WebSleuth supports persistent configuration through a `ConfigManager` that stores settings between sessions.

```python
from websleuth import Scraper
from websleuth.shared_utils import ConfigManager

# Custom configuration directory
config = ConfigManager(config_dir="./my_config")

# Create auto-throttle middleware with custom config
from websleuth.middleware import AutoThrottleMiddleware
throttle = AutoThrottleMiddleware(
    config=config,
    base_delay=1.5,     # Base delay between requests (seconds)
    max_delay=15,       # Maximum delay cap (seconds)
    window_size=10      # Number of requests to consider for average
)
```

## 🔧 Throttling & Backoff

WebSleuth includes smart throttling to avoid server overload and respect rate limits:

```python
from websleuth.shared_utils import ExponentialBackoffHelper

# Create a custom backoff helper
backoff = ExponentialBackoffHelper(backoff_factor=2)

# Get backoff time for each attempt
wait_time = backoff.get_backoff_time(attempt=1)  # 2 seconds
wait_time = backoff.get_backoff_time(attempt=2)  # 4 seconds
wait_time = backoff.get_backoff_time(attempt=3)  # 8 seconds
```

The auto-throttling mechanism automatically adjusts request delays based on response times and success rates, ensuring respectful scraping.

## 📋 Dependencies

- `requests` - HTTP requests for synchronous scraping
- `aiohttp` - Asynchronous HTTP requests
- `beautifulsoup4` - HTML parsing with CSS selectors
- `lxml` - Fast HTML parsing with XPath support
- `fake-useragent` - User agent rotation
- `openpyxl` - Excel file export
- `aiofiles` - Asynchronous file operations

## 🤝 Contributing

Contributions are welcome!

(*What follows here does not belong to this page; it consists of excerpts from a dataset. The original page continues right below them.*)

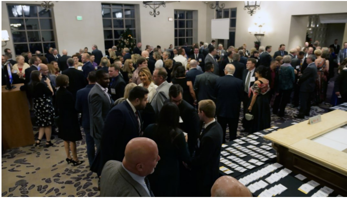
There was quite a crowd enjoying the cocktail hour prior to the dinner and program honoring this years Inductees.

More Photos at https://www.miningfoundationsw.org/page-1847263
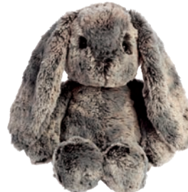
M. 12" NOVA BUNNY $35.20 ctn. of 4 ($8.80 ea.) JN 08944*
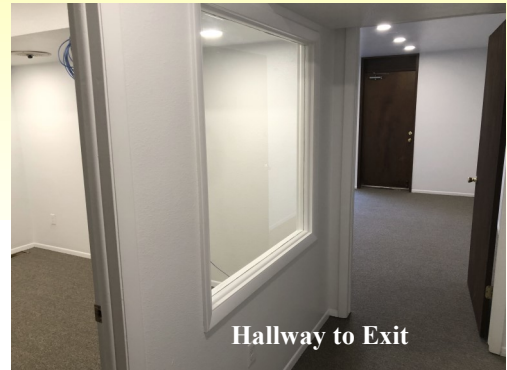
Lower Walkout Garden Level
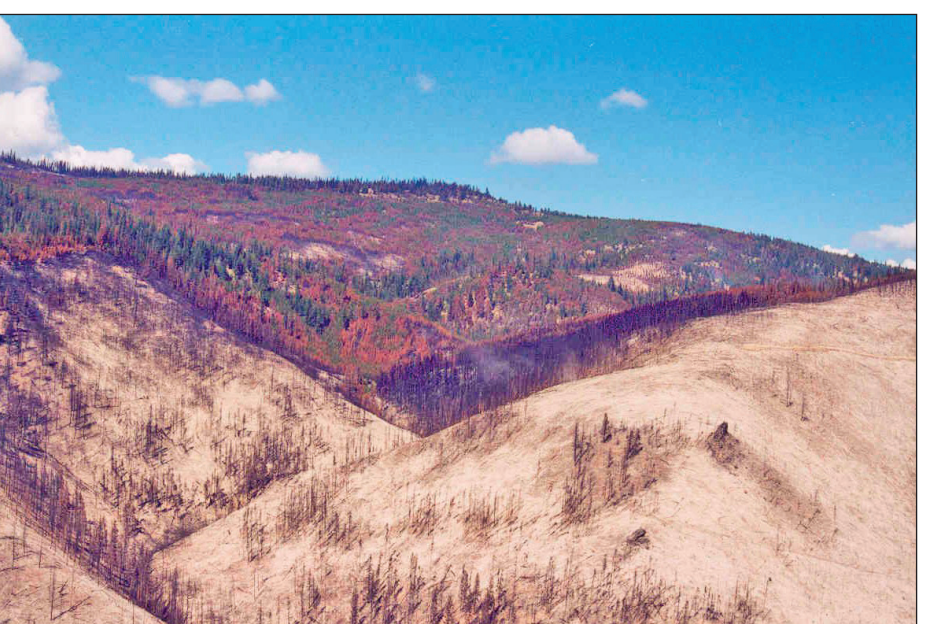
A reburn site in Poison Creek Watershed near Chelan, Washington. The lower half of the watershed burned severely in the 1970s, killing most trees and producing a large amount of downed woody fuels. The area reburned during the 2002 Deer Point Fire, and regenerating trees were almost completely consumed.

Unlike western Cascades forests, where centuries can pass between wildfires, wildfires historically occurred every 5 to 40 years in the dry, low-elevation forests of the eastern Cascades. "The fires in these forests were traditionally what we would call low- or mixed-severity fires that mostly burned fuels on the ground," Peterson says. "These fires are kind of like moving campfires, burning up a bunch of fuel—understory shrubs, dried needles, and wood sitting on the ground—but not killing many trees."
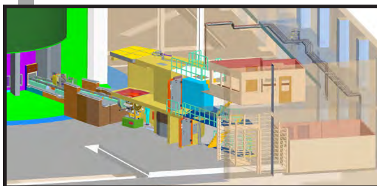
Engineering model of VISION, including T_0 chopper, bandwidth chopper, secondary spectrometer, and utility rooms.

with double-focusing crystal arrays, that focus the desired neutrons on a small detector. This arrangement leads to improved signal noise, and the overall count rate in the inelastic signal is at least two orders of magnitude beyond that of similar spectrometers that are currently available.
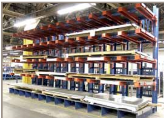
FRAZIER HEAVY DUTY MATERIAL RACKS
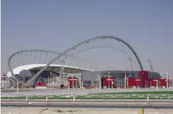
Khalifa Stadium, Qatar
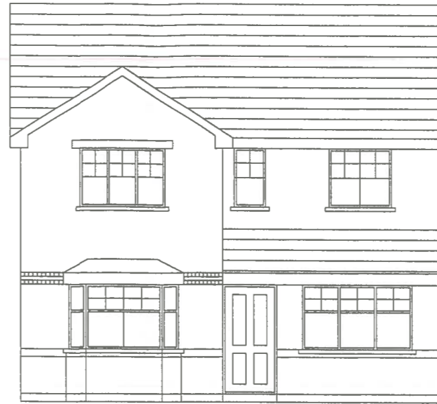
Existing front elevation
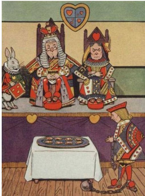
The Trial of the Knave of Hearts.

At this, Alice got up and walked off. The Dormouse fell asleep instantly and neither of the others took the least notice of her going, though she looked back once or twice; the last time she saw them, they were trying to put the Dormouse into the tea-pot.
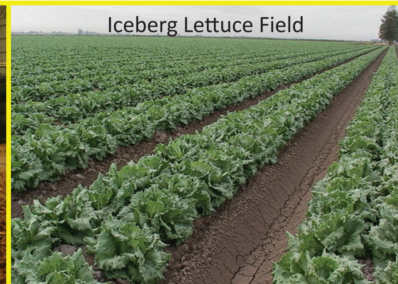
Iceberg Lettuce Field
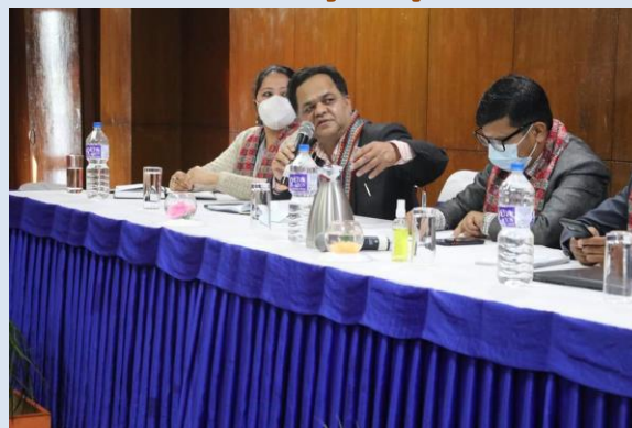
Women and Children, Ministry of Women Children and Senior Citizens.

free education (dress, lunch, books and stationeries) to reduce the risk of involvement in child labor.
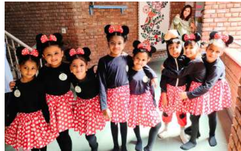
CREATAL-23: Literary Festival Unleashes Creativity!

The literary festival 'CREATAL-23' was a resounding success, celebrating the magic of literature in diverse forms.

Please feel free to submit a Pull Request.

1. Fork the repository
2. Create your feature branch (`git checkout -b feature/amazing-feature`)
3. Commit your changes (`git commit -m 'Add some amazing feature'`)
4. Push to the branch (`git push origin feature/amazing-feature`)
5. Open a Pull Request

## 📄 License

This project is licensed under the MIT License - see the LICENSE file for details.